--- START ---

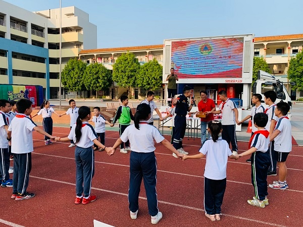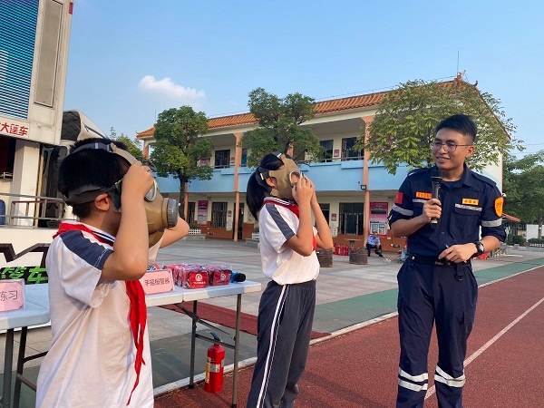 接下來,學(xué)校邀請廣東省595安全科技有限公司培訓(xùn)人員進行防空防災(zāi)體驗式宣傳活動,培訓(xùn)人員邊講解邊指導(dǎo)學(xué)生體驗了消防帳篷逃生、手搖報警器操作、防毒面具試戴、模擬觸電等場景。在這種互動式體驗和宣講下,學(xué)生們興致盎然,積極參與活動,既獲得了安全知識教育,又獲得了應(yīng)急操作經(jīng)驗。消防演練是眾多演練中必不可少的環(huán)節(jié),培訓(xùn)人員講解和示范了滅火器的使用后,部分師生按照事先安排,現(xiàn)場展示了滅火器滅火操作。
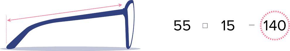 Temple length is the length of your glasses’ arm pieces. It’s the distance between the bend of the arm, all the way to where it meets the frame. While the length is probably between 120 and 150 mm, there are some common industry standards: 135, 140, 145 and 150 mm.
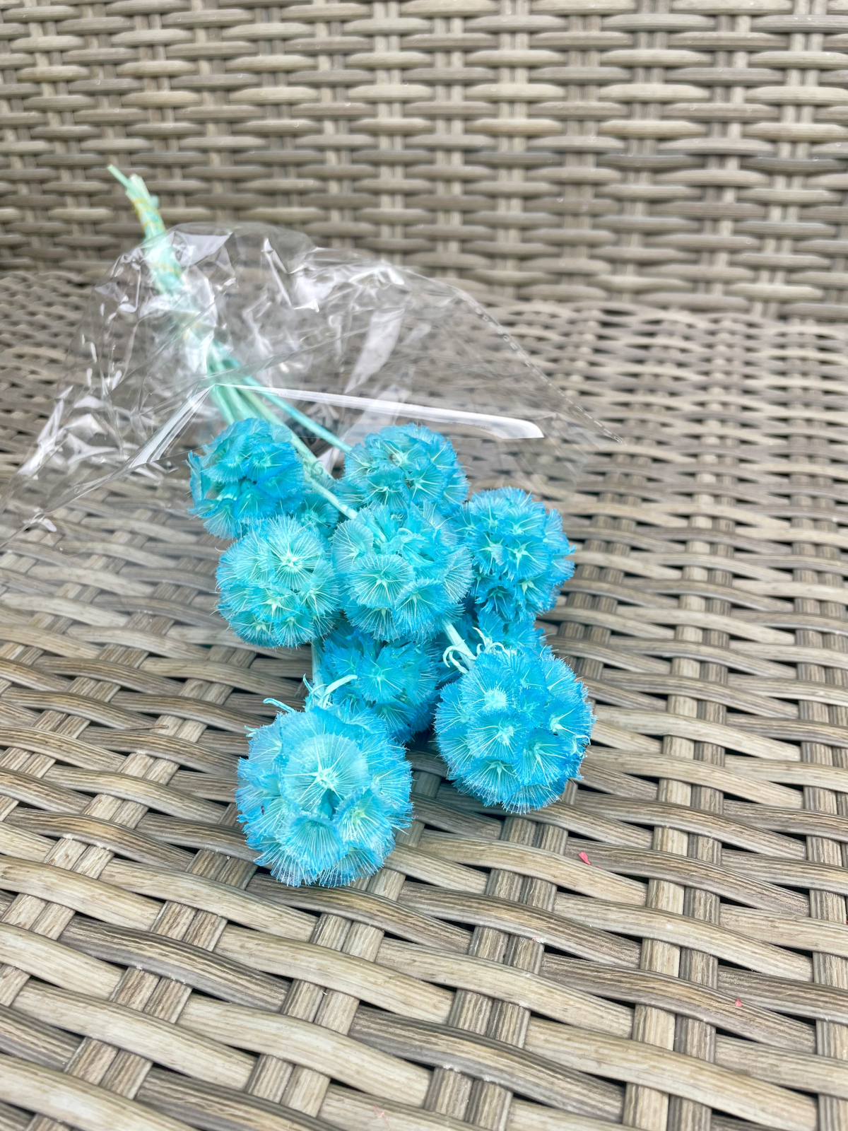 Pachet de 10 fire scabiosa stelata vopsita albastru, baby blue, stablizata.
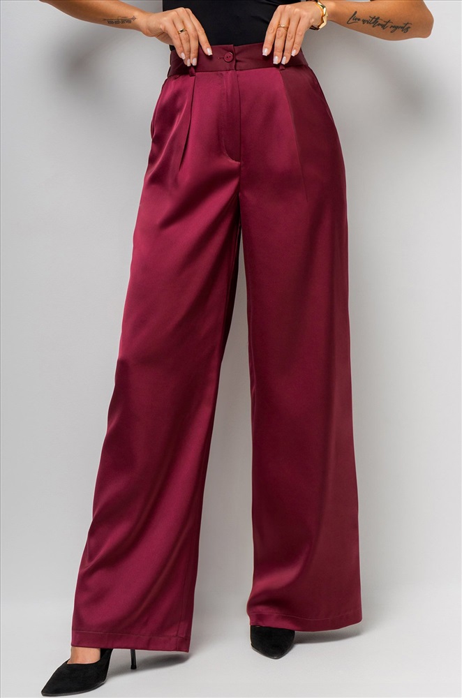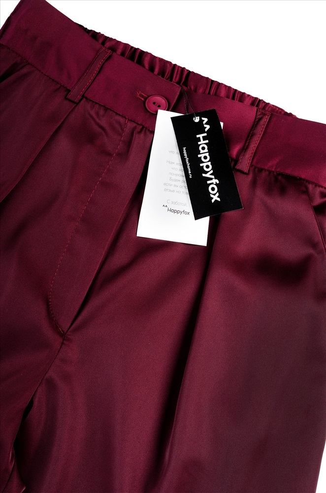 Классические женские брюки оттенка бургунди созданы для того, чтобы превратить каждый день в произведение искусства. Широкие брюки оттенка марсала выполнены из японского шелка. Его мягкость и легкость подарит невероятный комфорт и изысканность. За счет особого плетения поверхность блестящая, мягкие струящиеся складки красиво переливаются на свету. Идеальный крой с высокой посадкой визуально сделает ноги стройнее. Классический пояс и небольшие складки-защипы спереди эффектно подчёркивают талию. Боковые карманы добавляют функциональности. Штаны дополнены удобной застежкой на пуговицу и на молнию. Однотонные шелковые брюки с завышенной талией будут уместны как в офисной атмосфере, так и на вечерних мероприятиях. Демисезонные красные штаны идеальны для работы в офисе и прекрасно впишутся дресс-код. Брюки бордового цвета подойдут для романтичных осенних образов. Модель Анфиса, ее рост 170, параметры: 88-67-97. На ней размер 44.
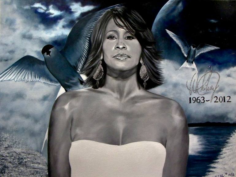 Acrylic painting on canvas of the late, great Whitney Houston, who was one of my all time favorite singers. This was an emotional piece for me. I embellished this painting with flat crystal beads and glitter for her earrings.
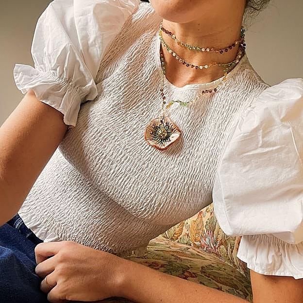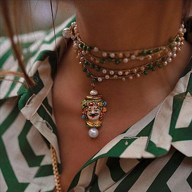 Aunque collares hay miles, no hay duda que estos de Cashfana son una maravilla. No son excesivamente caros, y además, están elaborados a mano. Uno de los collares que causa furor en las redes es este con cadena tejida a mano, piedras de circonita y perlas naturales. Destaca una figura hecha a mano de cerámica siciliana. Se trata de una pieza bajo pedido previo y elaborado en italia. Cuesta 55 euros y la cadena mide unos 70 cm de largo.
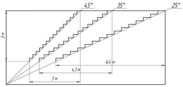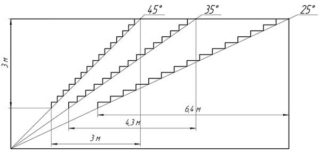 - L'angle d'inclinaison de la volée d'escalier doit être compris entre 25 et 45 °. L'option préférée est un angle d'inclinaison de 45 °, auquel l'échelle est la plus confortable et la plus sûre à utiliser. Cependant, dans de nombreux cas, l'angle d'inclinaison de l'escalier est pris égal à 25 et 35 °.
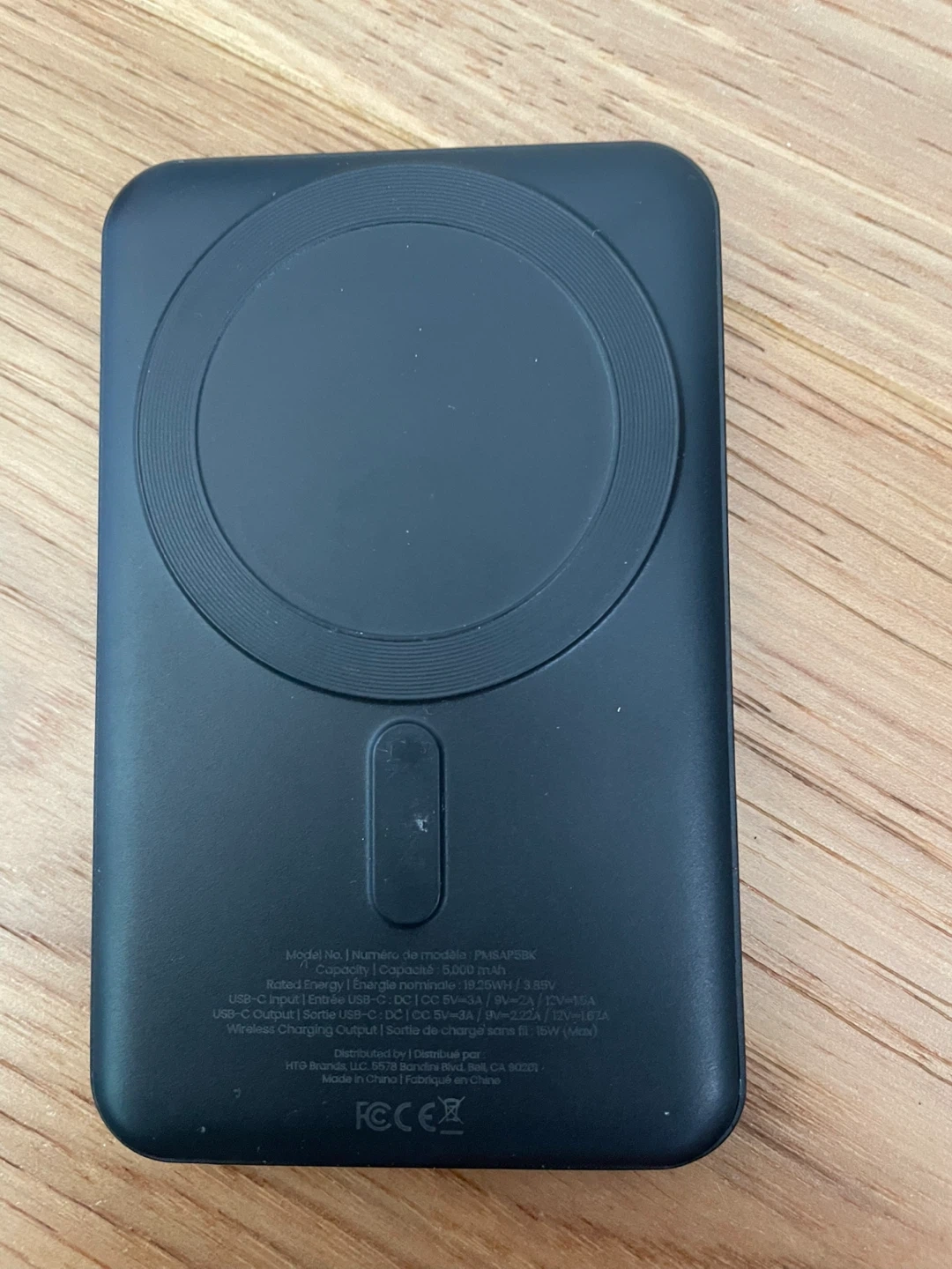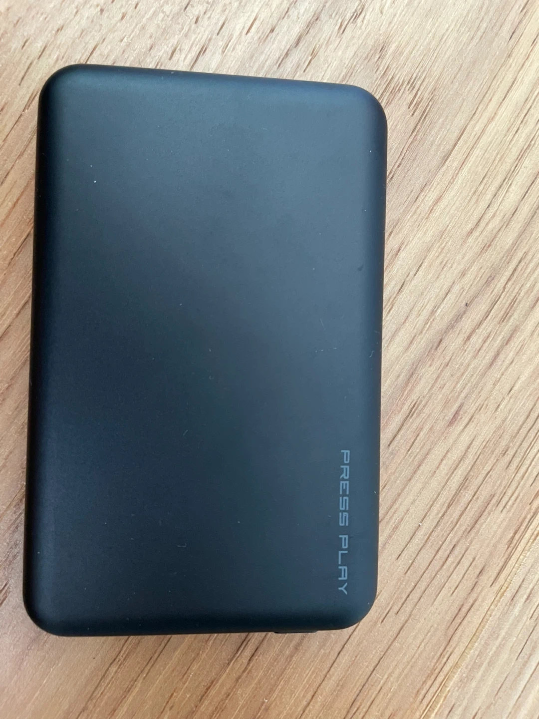This is a black Press Play MagSafe compatible power bank with a 5000mAh capacity. It supports USB-C input and output, as well as wireless charging up to 10W. It's great for keeping your phone charged on the go!
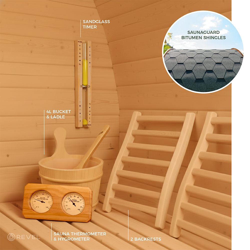 The Eden Barrel comes fully equipped with a carefully selected accessory kit to complete your sauna ritual. Each unit includes a timber bucket and ladle, and a hygro-thermometer for tracking temperature and humidity, and a sandglass timer enabling you to optimise your sauna time.
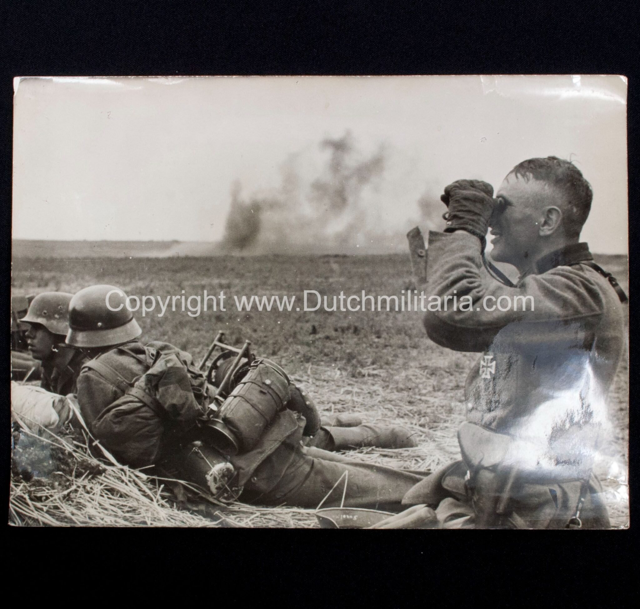(Pressphoto) 'Die Riesenschlacht von Charkow'.The size is approximately 24,5 x 18 centimeters. This is a a large size.'Die Riesenschlacht von Charkow. Offizier und Mann sind vom gleichen Vorwärts- und Siegesdrang beseelt. Der Hauptmann beobachtet hier aud der vordersten Kampflinie die verheerende Wirkung der deutschen Stukaangriffe, die die Bahn zum weiteren Vorgehen frei machen' [The giant battle of Kharkov. Officer and man are animated by the same urge to move forward and win. The captain observes from the front line the devastating effect of the German Stuka attacks, which clear the way for further action]Pk-Aufnahme, Kriegsberichter Hähle – AtlanticA very rare large size period orignal pressphoto.

--- END ---

**The task**:
Could you repeat all of the data exactly, minus the pictures?

**Exercise result**:
 接下來,學(xué)校邀請廣東省595安全科技有限公司培訓(xùn)人員進行防空防災(zāi)體驗式宣傳活動,培訓(xùn)人員邊講解邊指導(dǎo)學(xué)生體驗了消防帳篷逃生、手搖報警器操作、防毒面具試戴、模擬觸電等場景。在這種互動式體驗和宣講下,學(xué)生們興致盎然,積極參與活動,既獲得了安全知識教育,又獲得了應(yīng)急操作經(jīng)驗。消防演練是眾多演練中必不可少的環(huán)節(jié),培訓(xùn)人員講解和示范了滅火器的使用后,部分師生按照事先安排,現(xiàn)場展示了滅火器滅火操作。
 Temple length is the length of your glasses’ arm pieces. It’s the distance between the bend of the arm, all the way to where it meets the frame. While the length is probably between 120 and 150 mm, there are some common industry standards: 135, 140, 145 and 150 mm.
 Pachet de 10 fire scabiosa stelata vopsita albastru, baby blue, stablizata.
 Классические женские брюки оттенка бургунди созданы для того, чтобы превратить каждый день в произведение искусства. Широкие брюки оттенка марсала выполнены из японского шелка. Его мягкость и легкость подарит невероятный комфорт и изысканность. За счет особого плетения поверхность блестящая, мягкие струящиеся складки красиво переливаются на свету. Идеальный крой с высокой посадкой визуально сделает ноги стройнее. Классический пояс и небольшие складки-защипы спереди эффектно подчёркивают талию. Боковые карманы добавляют функциональности. Штаны дополнены удобной застежкой на пуговицу и на молнию. Однотонные шелковые брюки с завышенной талией будут уместны как в офисной атмосфере, так и на вечерних мероприятиях. Демисезонные красные штаны идеальны для работы в офисе и прекрасно впишутся дресс-код. Брюки бордового цвета подойдут для романтичных осенних образов. Модель Анфиса, ее рост 170, параметры: 88-67-97. На ней размер 44.
 Acrylic painting on canvas of the late, great Whitney Houston, who was one of my all time favorite singers. This was an emotional piece for me. I embellished this painting with flat crystal beads and glitter for her earrings.
 Aunque collares hay miles, no hay duda que estos de Cashfana son una maravilla. No son excesivamente caros, y además, están elaborados a mano. Uno de los collares que causa furor en las redes es este con cadena tejida a mano, piedras de circonita y perlas naturales. Destaca una figura hecha a mano de cerámica siciliana. Se trata de una pieza bajo pedido previo y elaborado en italia. Cuesta 55 euros y la cadena mide unos 70 cm de largo.
 - L'angle d'inclinaison de la volée d'escalier doit être compris entre 25 et 45 °. L'option préférée est un angle d'inclinaison de 45 °, auquel l'échelle est la plus confortable et la plus sûre à utiliser. Cependant, dans de nombreux cas, l'angle d'inclinaison de l'escalier est pris égal à 25 et 35 °.
This is a black Press Play MagSafe compatible power bank with a 5000mAh capacity. It supports USB-C input and output, as well as wireless charging up to 10W. It's great for keeping your phone charged on the go!
 The Eden Barrel comes fully equipped with a carefully selected accessory kit to complete your sauna ritual. Each unit includes a timber bucket and ladle, and a hygro-thermometer for tracking temperature and humidity, and a sandglass timer enabling you to optimise your sauna time.
(Pressphoto) 'Die Riesenschlacht von Charkow'.The size is approximately 24,5 x 18 centimeters. This is a a large size.'Die Riesenschlacht von Charkow. Offizier und Mann sind vom gleichen Vorwärts- und Siegesdrang beseelt. Der Hauptmann beobachtet hier aud der vordersten Kampflinie die verheerende Wirkung der deutschen Stukaangriffe, die die Bahn zum weiteren Vorgehen frei machen' [The giant battle of Kharkov. Officer and man are animated by the same urge to move forward and win. The captain observes from the front line the devastating effect of the German Stuka attacks, which clear the way for further action]Pk-Aufnahme, Kriegsberichter Hähle – AtlanticA very rare large size period orignal pressphoto.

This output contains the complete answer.